# 25 Gallon Starfire, DIY LED Journal



## Kooka (Feb 8, 2011)

Just wanted to post some pics of my bro's aquarium for everyone to enjoy. It's a 25 gallon starfire rimless, with pressurized CO2, Malaya soil, and full spectrum, Cree LED lighting (just like my 20 gallon saltie, but different color LEDs). So far he has around 6 CRS, 2 ottos and 2 boraras brigittae in it, but hes planning on getting some more.

Heres a pic of the tank before it was filled:










And the tank as it is today:










Side shot with my 20 gallon saltie:










Close up of the LED fixture:










More pics to come soon!


----------



## Jaysan (Dec 19, 2011)

Damn that looks soo nice! 
Can't wait to drop by to check it out!!!!


----------



## sig (Dec 13, 2010)

I like it. Looks beauty, but for no reason tank on the right looks better 

*100% free webcam site! | Awesome chicks and it is absolutely free! | Watch free live sex cam - easy as 1-2-3*


----------



## Kooka (Feb 8, 2011)

sig said:


> I like it. Looks beauty, but for no reason tank on the right looks better


Must be the blue hue


----------



## AquaticPulse (Jun 19, 2011)

what kind of filtration is that? looks so futuristic


----------



## Kooka (Feb 8, 2011)

Lol, its an eheim liberty hooked up to a surface skimmer. There's an eheim 2215 canister running on it as well.


----------



## manmadecorals (Jan 17, 2012)

I love the LED fixture!


----------



## trfjason (Sep 25, 2006)

Nice setup, I like the stand you have for the light, can you tell me how you made it?


----------



## Sameer (Sep 30, 2007)

Man, you dont need room lights. Thats for sure.


----------



## Kooka (Feb 8, 2011)

LOL, yeah, it looks like a meth lab or something from outside... I actually stopped turning on one bank of potlights just because of the LEDs over the new tank. 

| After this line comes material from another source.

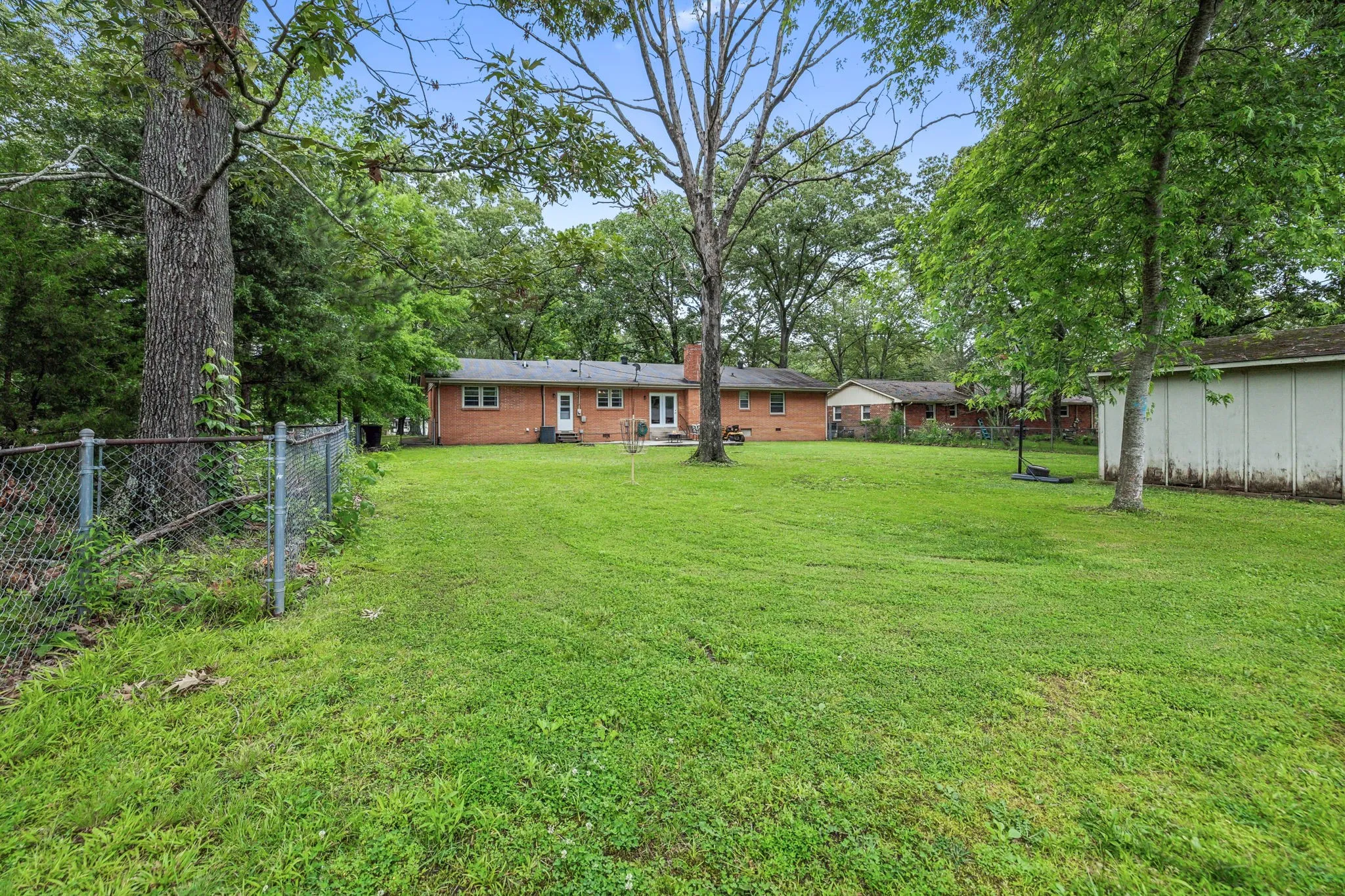 Chain link fenced backyard – pets, parties, or both? You decide
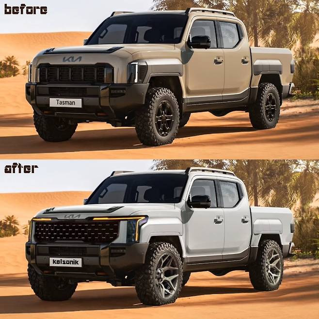 벌써부터 기아 타스만 픽업트럭의 페이스리프트 예상도가 등장해 관심을 끌고 있다.

At trfjason: The stand wasn't made by me, I got it from Aqua Inspirations in Mark's Ham. You can check it out on their website. You can technically make one yourself, but I didn't bother to. We had enough DIY fun with the actual light.


----------



## vraev (Mar 29, 2012)

Nice to see the tank finished Phil. Glad it turned out so beautiful.


----------



## Kooka (Feb 8, 2011)

Thanks vraev, it was worth the trip down to the Hammer  Hopefully everything is going well with you as well.

Just wanted to share a pic of the control box, we designed it to utilize 2 potentiometers to regulate the LED light intensity:










The controls for my saltie tank are a little more complicated though (Arduino based) Still needs a little programming work but the bare bones are there:


----------



## Boogerboy (Sep 23, 2008)

Kooka said:


> Just wanted to share a pic of the control box, we designed it to utilize 2 potentiometers to regulate the LED light intensity:


Wow. I kind of got tired of my LED build and just crammed a bunch of wires into the stand and shut it never to see the light of day XD, this looks really tidy. I need to do this too because as of yet there's still a bunch of bare wires that could pose a problem with water.

Beautiful looking setup, excited to see its development. I've become somewhat of an LED fanatic after seeing what they could do for plant growth, energy bills and never having to switch a bulb again. Looks like you're using some Red and Royal blues too, what emitters are these, Cree? Where'd you get them from?



Kooka said:


> LOL, yeah, it looks like a meth lab or something from outside...


Honestly, with the amount of work it takes to maintain a planted tank. Scrubbing, cleaning, dosing, lugging heavy-ass containers, etc. that's a very good parallel to draw hahah


----------



## Kooka (Feb 8, 2011)

Yup, gotta be careful with the DIY electrical stuff, one bad decision and next thing you know you're taking out fire insurance... I have my wires tightly secured in plastic tubing, and even the entrances to the project boxes are dremeled and fitted with sockets so that stray water cant get in. The lighting circuitry itself is set on two fuses just incase something untowards happens. For my 75 gallon saltie build and planning on replacing the wall outlets with GFCI's for additional safety.

LED's are indeed the future of aquarium lighting. I've had incandescents, flourescents, and even compact flourescents on my aquariums over the years but I haven't seen as much promise in terms of energy efficiency, lighting spectrum and flexibilty as in LED's. I believe once the production costs go down and the technology becomes more mainstream, it will eventually replace those crappy CF bulbs we replaced our warm-color incandescents with in our homes. 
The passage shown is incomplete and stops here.